Disclaimer: Koyasu's, not mine
Omake: Pastor is the direct translation of Ecclesiastes
I didn't know why...even after everything that had happened...I still remember His teachings. This is what the wise man says, "Useless! Useless! Completely useless! The entire world is useless!" What do humans actually gain from all their toil here on earth? This verse held truth; I had put up with being beaten, yelled at, treated like a madman and... for what?
When I was young I wanted to learn; I wanted to be wise like the priests so I studied all I that could attentively. With much wisdom comes much disappointment. The person who gains more wisdom also gains more sorrow. Perhaps I was too young to learn all about how cruel and merciless the world really was. Maybe...I shouldn't have rushed to learn the truth. If only Ruth had waited just a little longer...
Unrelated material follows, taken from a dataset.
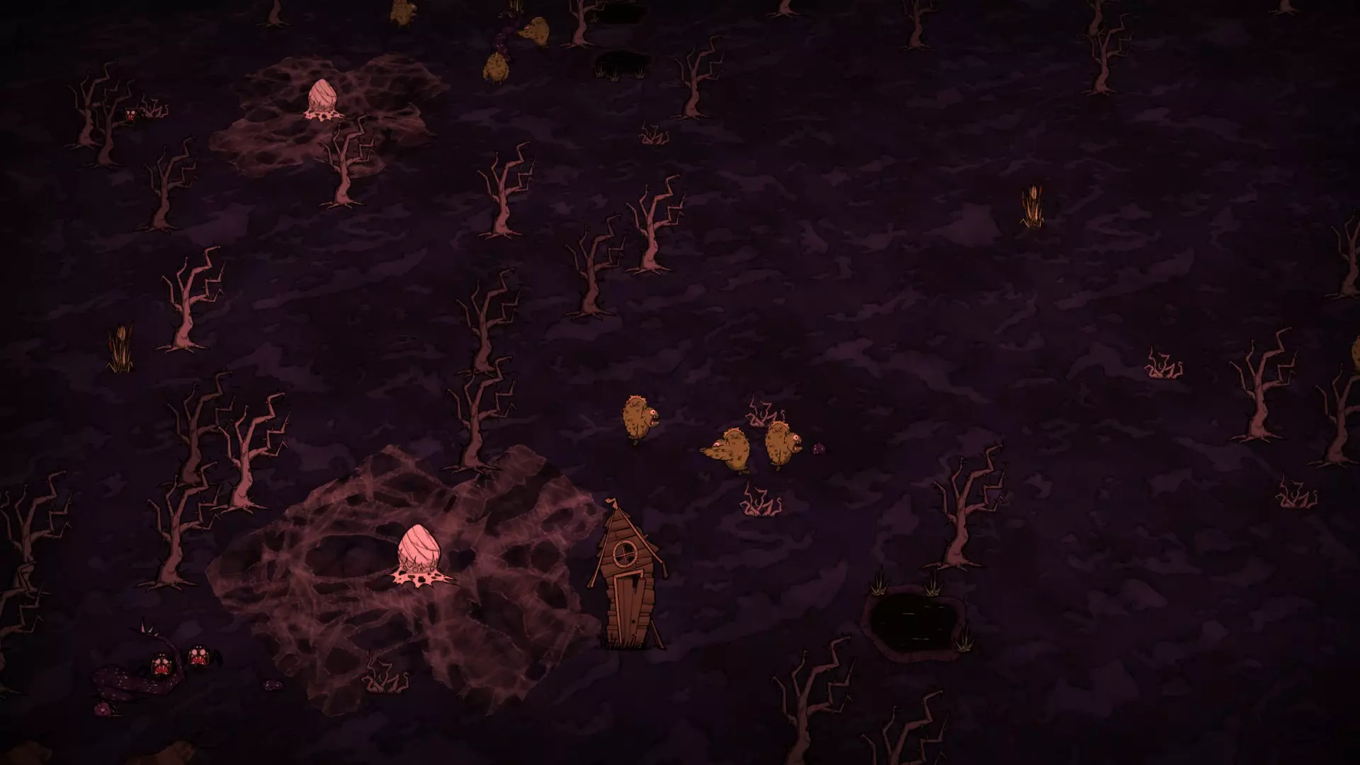 迷你沼泽与沼泽生物群系中的芦苇地完全相同。该区域仅包含芦苇、滋生蚊子的池塘、触手以及常青树。【眼骨】有几率在此处生成。 萤火虫领域:

Even so, knowledge is power right? Being wise is useless. The wise man and the foolish man will both die! Neither will be remembered in the future. So...was learning all that I had really been completely futile?
Many a time had I contemplated (or even attempted) suicide. But, was this the answer? Again I saw the suffering of the people on earth. They cried but there was no one to comfort them. I decided that the dead were better off than the living. But those who had never been born are better off still; they have never seen the evil done here on earth. What force drives me to go on living with all of this pain?
Kanashimi, this reminds me of another verse: Sorrow is better than laughter. Sadness has a good influence on you. It is better to go to a funeral than a party. Hn, I could almost laugh...if I only knew how.
Still, I wonder why he lets good people die and protects evil people. I have seen something unfair on earth. I have seen good people die young agonizing deaths and I have seen evil people live long luxurious lives. I have asked this hundreds of times to nuns and priests and yet...my question still hasn't been answered.
So many unanswered questions...why is...how can Kami-sama possibly... Farfarello lost consciousness breaking off Schuldig's reading. He stood up though not exactly satisfied and chuckled softly, "Kawaiso yatsu[1]; I pity you." And with that remark, Schuldig left leaving Farfarello to his broken past. Upstairs though, the German secretly prayed, "Dozo hayaku yoku natte... ore no tomodachi[2]."
[1] Poor guy [2]Please get well soon...my friend.